Work required: Transcribe, word for word and without additions, each line below from the one containing "Province | ||" through the one containing "Dragons flower pattern", both ends included.

Records for this exercise:
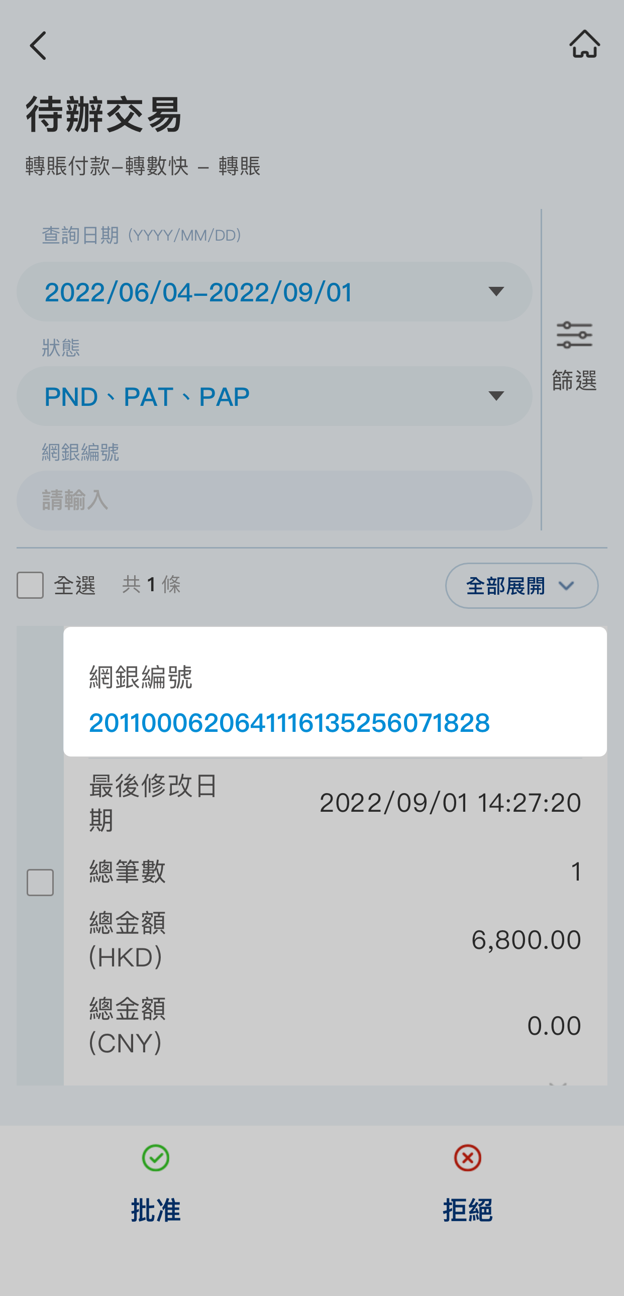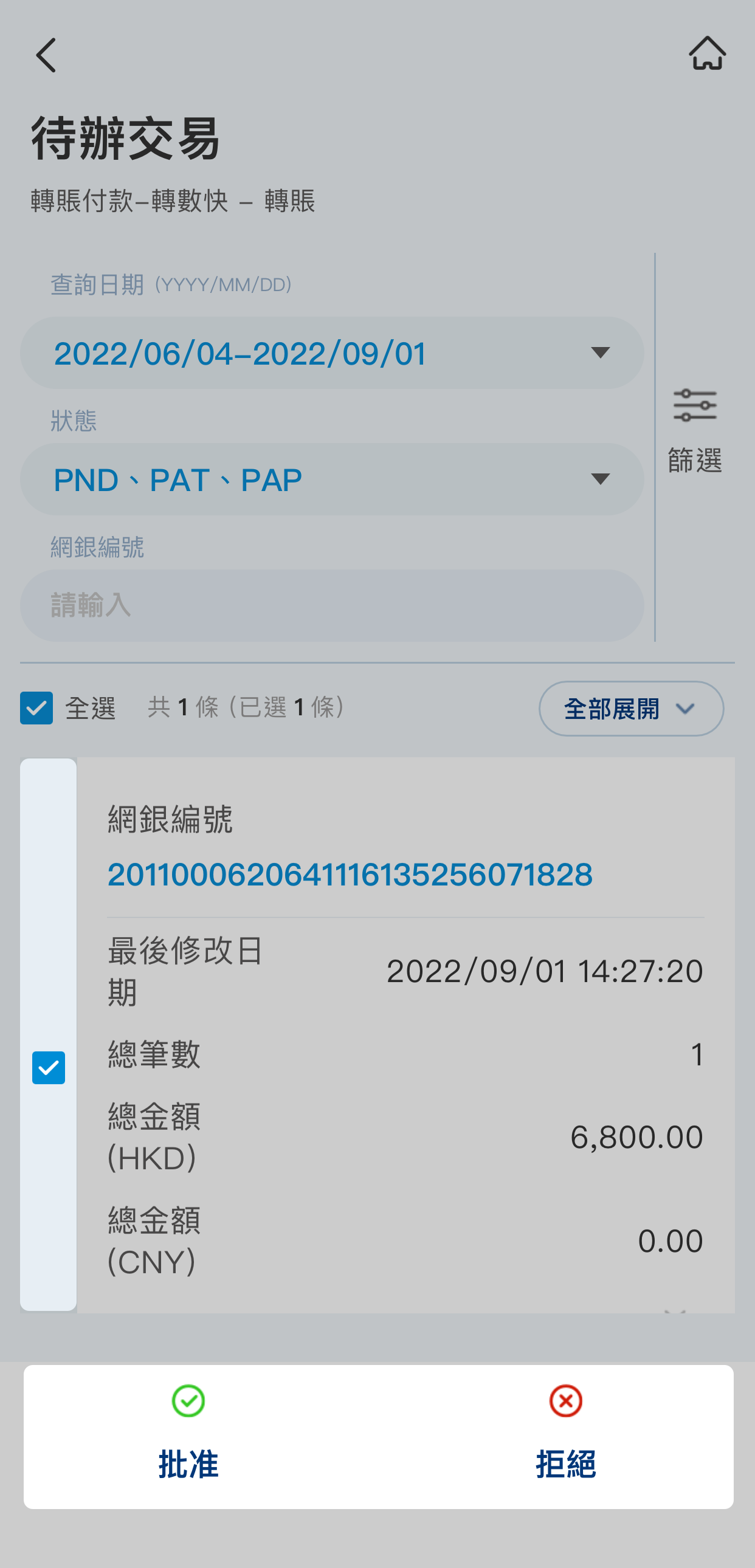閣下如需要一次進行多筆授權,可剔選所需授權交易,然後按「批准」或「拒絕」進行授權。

* * *

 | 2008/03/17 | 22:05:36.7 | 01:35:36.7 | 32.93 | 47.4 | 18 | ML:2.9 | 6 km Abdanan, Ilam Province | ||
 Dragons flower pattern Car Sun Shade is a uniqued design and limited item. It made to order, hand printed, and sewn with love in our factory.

Solution below:
 | 2008/03/17 | 22:05:36.7 | 01:35:36.7 | 32.93 | 47.4 | 18 | ML:2.9 | 6 km Abdanan, Ilam Province | ||
 Dragons flower pattern Car Sun Shade is a uniqued design and limited item. It made to order, hand printed, and sewn with love in our factory.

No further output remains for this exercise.